On a singers board recently, my advice to a tenor with squeezing and pushing problems that he needs to work with falsetto exercises has met with a lot of resistance. What I heard from a couple of other tenors (I am also a tenor) was that they found no use for falsetto exercises and that they developed their head voice without them. One called falsetto a “dead end”. Apparently he was making falsetto sounds without any idea of their purpose in the big picture. After several more anti-falsetto posts, I realized that in these cases, there had been no explanation of what training purpose falsetto vocalizing can serve.
To give a little bit of context, I’d say that my work with falsetto exercises comprises about 2 minutes of a typical male’s voice lesson, and is followed up by coordinative (full-voice) exercises.

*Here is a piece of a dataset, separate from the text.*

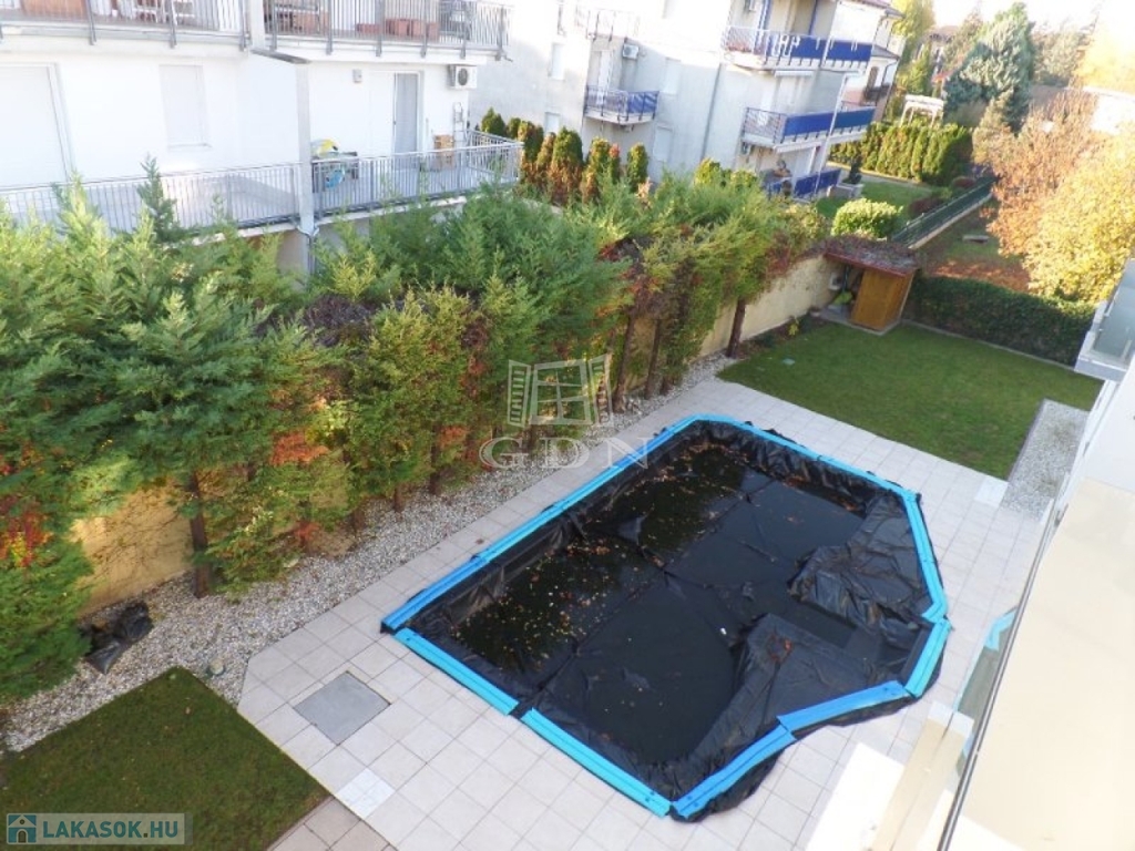A 6 lakásos társas ház rendezett, közös használatú udvarán található medence, és napozó terasz. A lakásokhoz 2 saját autóbeálló tartozik, melyek megvásárlása kötelező, ára 2x4.000.000,- Ft.

“What does falsetto contribute if we don’t actually perform with it?” is the question. The cricothyroid group of muscles (CTs) which stretch the folds to create pitch are easily overpowered by the thyroarytenoid group (TAs) which bring the folds together to make the “full voice” sound, especially in men. A separated, uncoordinated, operatically-useless falsetto allows pitch-making to happen without stress. With the TAs out of the way, the CTs are able to contract and release without interference. We thus send signals to the body that pitch-making is a function of the voice that CAN happen without force.

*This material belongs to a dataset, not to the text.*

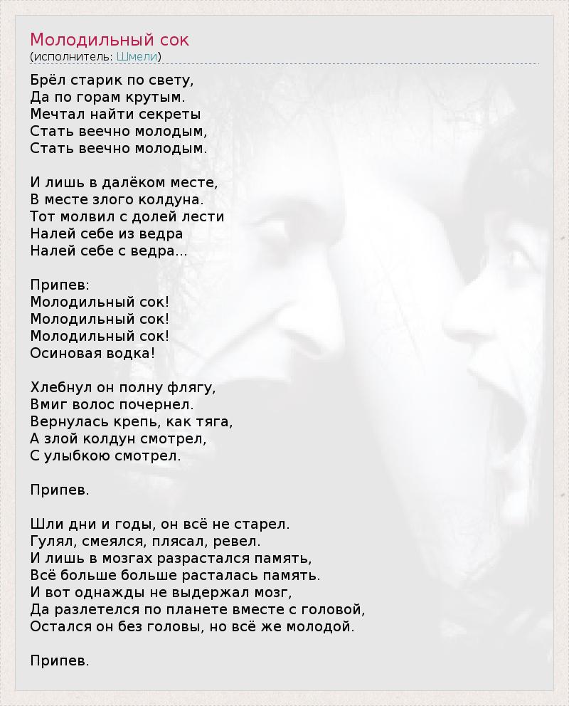 ГлавнаяИсполнителиШмелиМолодильный сок

Look at sprinters getting ready to start a race. So many rituals of stretching, loosening, setting their feet and arms just so – they don’t run with stretching and loosening movements, but they feel that those help them with “the real deal”. Falsetto and lip trills are like that – two of many possible types of vocal activities that are used for training, and not used for performance.

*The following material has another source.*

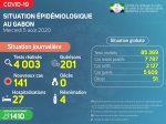 En matière de surveillance épidémiologique, sur les 4 003 prélèvements effectués, nous avons enregistré 141 nouveaux cas positifs, soit un pourcentage de 3,5%. Les cas sont répartis comme suit : Estuaire : 117 nouveaux cas positifs sur 3 896 prélèvements à Libreville, soit un total de 5 567 cas confirmés ; (…) -

I was in a dressing room once with another tenor who was making awful sounds. I asked him what he was doing and he said “It’s a falsetto warmup from Cornelius Reid”. It was nothing like the falsetto exercises I learned from a Reid teacher, and he had no idea what to do with it. There are a lot of flavors of falsetto. The ones that help open the throat and lead to easier pitch-making in real, full-voiced singing have to be demonstrated, and the student and teacher have to understand why they’re doing it, or they shouldn’t do it.